Items listed in a dataset
----

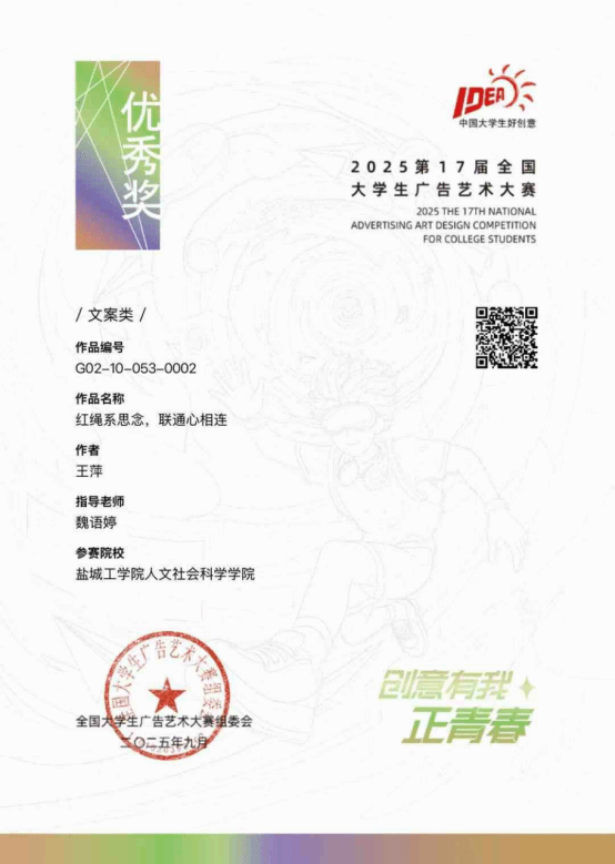 近日,第十六届全国老员工广告艺术大赛(以下简称“大广赛”)获奖名单公布,l9193永利汉语言文学专业员工王萍的文案类作品《红绳系思念 联通心相连》荣获全国优秀奖,该作品由魏语婷、汤军、刘伟等老师指导。值得一提的是,大广赛是教育部认可的全国普通高校老员工竞赛榜单内赛事,含金量十足。
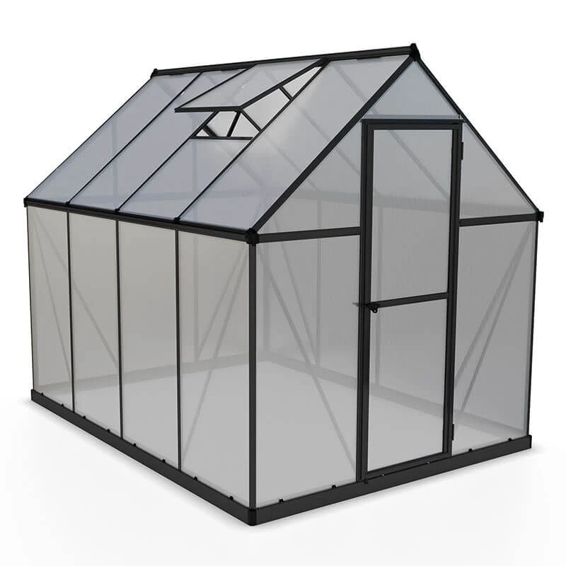 If you want to grow your own fruit and vegetables the easy way, choose the high-spec, low fuss 6×8 Palram Canopia Mythos Grey Greenhouse (1.85m x 2.47m) – a traditionally-designed glasshouse, but made from maintenance-free, shatterproof polycarbonate.
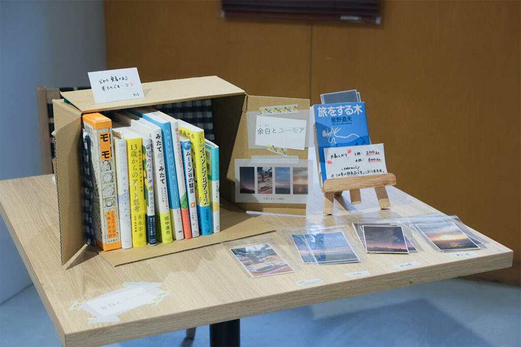 それぞれの店主さんのテーブルには、好きなジャンルやテーマで集められた本がずらり。本の装丁を活かした並べ方を工夫したり、手書きのポップを添えたりと、「自分だけの小さな本屋さんづくり」を存分に楽しんでいる様子が印象的でした。
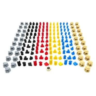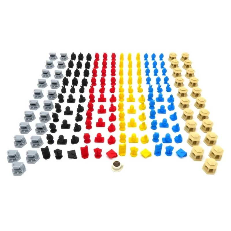 Toutes les pièces ont des dimensions similaires à celles des jetons originaux qu’elles remplacent pour s’adapter parfaitement au plateau.
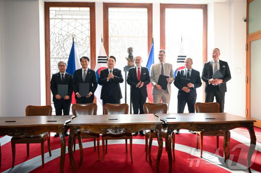 (서울=뉴스1) 송원영 기자 = 윤석열 대통령과 페트르 피알라 체코 총리가 20일(현지시간) 프라하 체코 정부청사에서 열린 한·체코 국책금융기관 간 5자 금융협력 MOU 체결식에서 윤희성 수출입은행장(왼쪽), 장영진 무역보험공사 사장(왼쪽 두번째)과 체코 국영개발은행, 수출은행, 수출보증보험공사 대표자들이 협약을 체결하자 박수치고 있다. (대통령실 제공) 2024.9.21/뉴스1
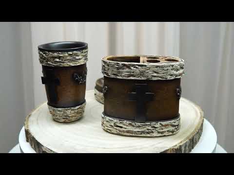 Ebros Rustic Western Cross With Birchwood Accent Soap Dish Toothbrush Holder Cup Set
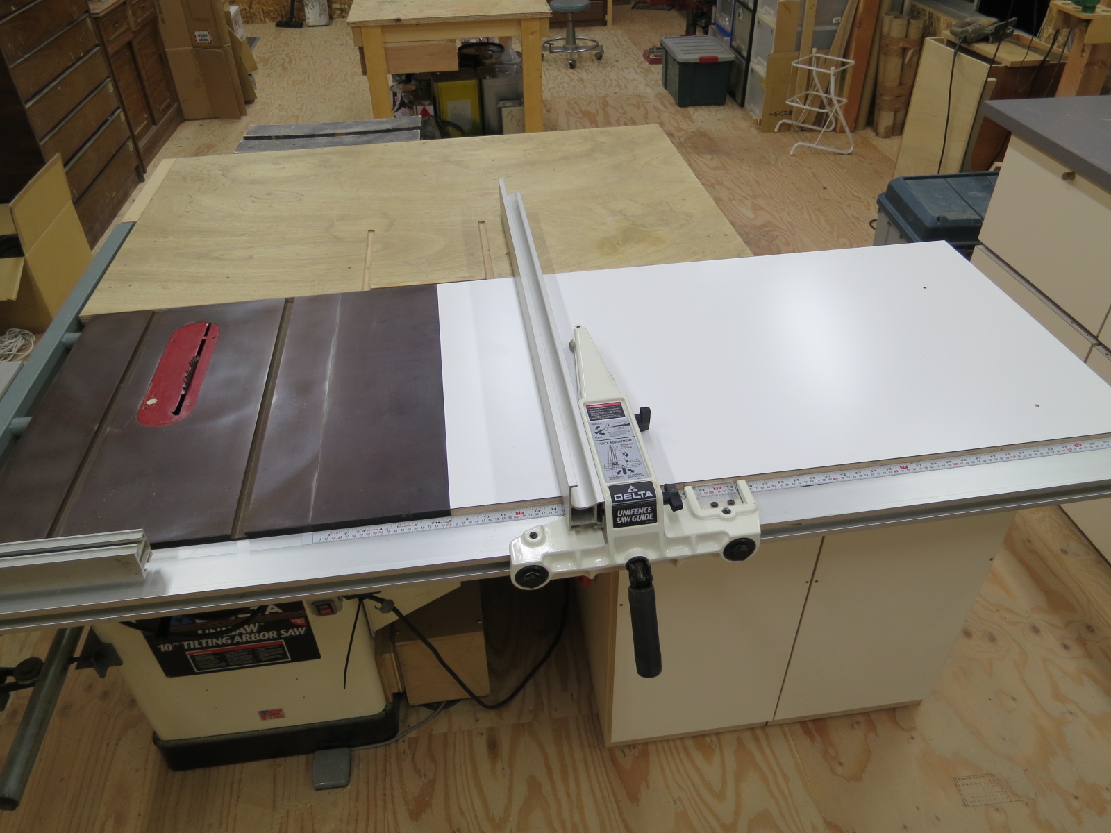 そしてこちらが今回苦労して導入した,DELTAのUNISAW。デルタのユニソー。キャビネットソーです。
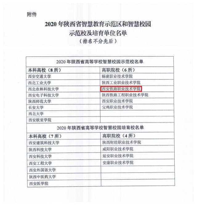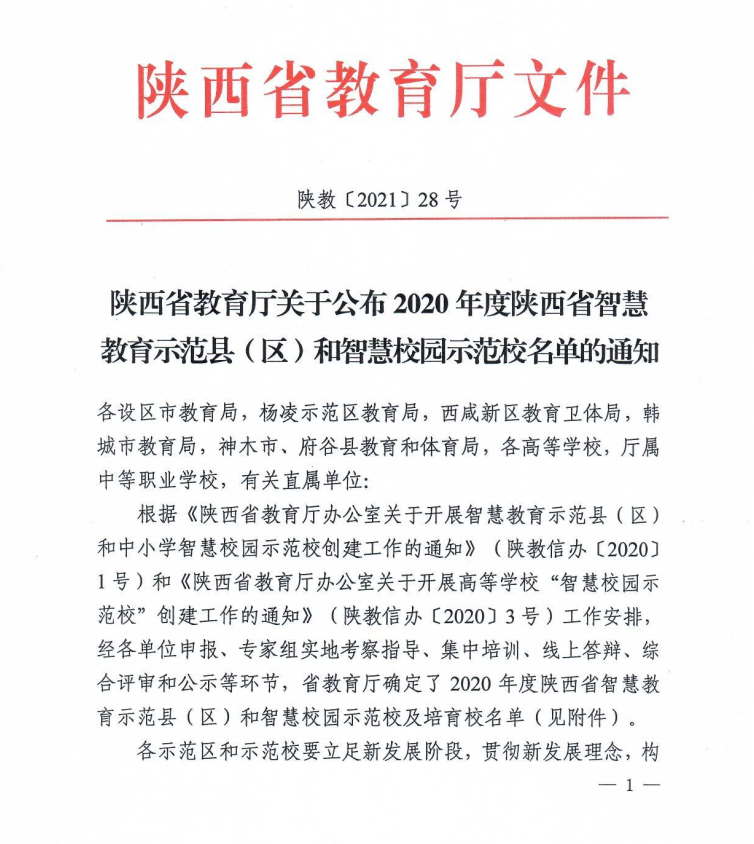 近日,陕西省教育厅发布了《关于公布2020年度陕西省智慧教育示范县(区)和智慧校园示范校名单的通知(陕教【2021】28号)》,纽约国际官网荣获“陕西省高等学校智慧校园示范校”称号。

----

The result should be a verbatim copy of the data, free of pictures.

#### EXERCISE SOLUTION:
 近日,第十六届全国老员工广告艺术大赛(以下简称“大广赛”)获奖名单公布,l9193永利汉语言文学专业员工王萍的文案类作品《红绳系思念 联通心相连》荣获全国优秀奖,该作品由魏语婷、汤军、刘伟等老师指导。值得一提的是,大广赛是教育部认可的全国普通高校老员工竞赛榜单内赛事,含金量十足。
 If you want to grow your own fruit and vegetables the easy way, choose the high-spec, low fuss 6×8 Palram Canopia Mythos Grey Greenhouse (1.85m x 2.47m) – a traditionally-designed glasshouse, but made from maintenance-free, shatterproof polycarbonate.
 それぞれの店主さんのテーブルには、好きなジャンルやテーマで集められた本がずらり。本の装丁を活かした並べ方を工夫したり、手書きのポップを添えたりと、「自分だけの小さな本屋さんづくり」を存分に楽しんでいる様子が印象的でした。
 Toutes les pièces ont des dimensions similaires à celles des jetons originaux qu’elles remplacent pour s’adapter parfaitement au plateau.
 (서울=뉴스1) 송원영 기자 = 윤석열 대통령과 페트르 피알라 체코 총리가 20일(현지시간) 프라하 체코 정부청사에서 열린 한·체코 국책금융기관 간 5자 금융협력 MOU 체결식에서 윤희성 수출입은행장(왼쪽), 장영진 무역보험공사 사장(왼쪽 두번째)과 체코 국영개발은행, 수출은행, 수출보증보험공사 대표자들이 협약을 체결하자 박수치고 있다. (대통령실 제공) 2024.9.21/뉴스1
 Ebros Rustic Western Cross With Birchwood Accent Soap Dish Toothbrush Holder Cup Set
 そしてこちらが今回苦労して導入した,DELTAのUNISAW。デルタのユニソー。キャビネットソーです。
 近日,陕西省教育厅发布了《关于公布2020年度陕西省智慧教育示范县(区)和智慧校园示范校名单的通知(陕教【2021】28号)》,纽约国际官网荣获“陕西省高等学校智慧校园示范校”称号。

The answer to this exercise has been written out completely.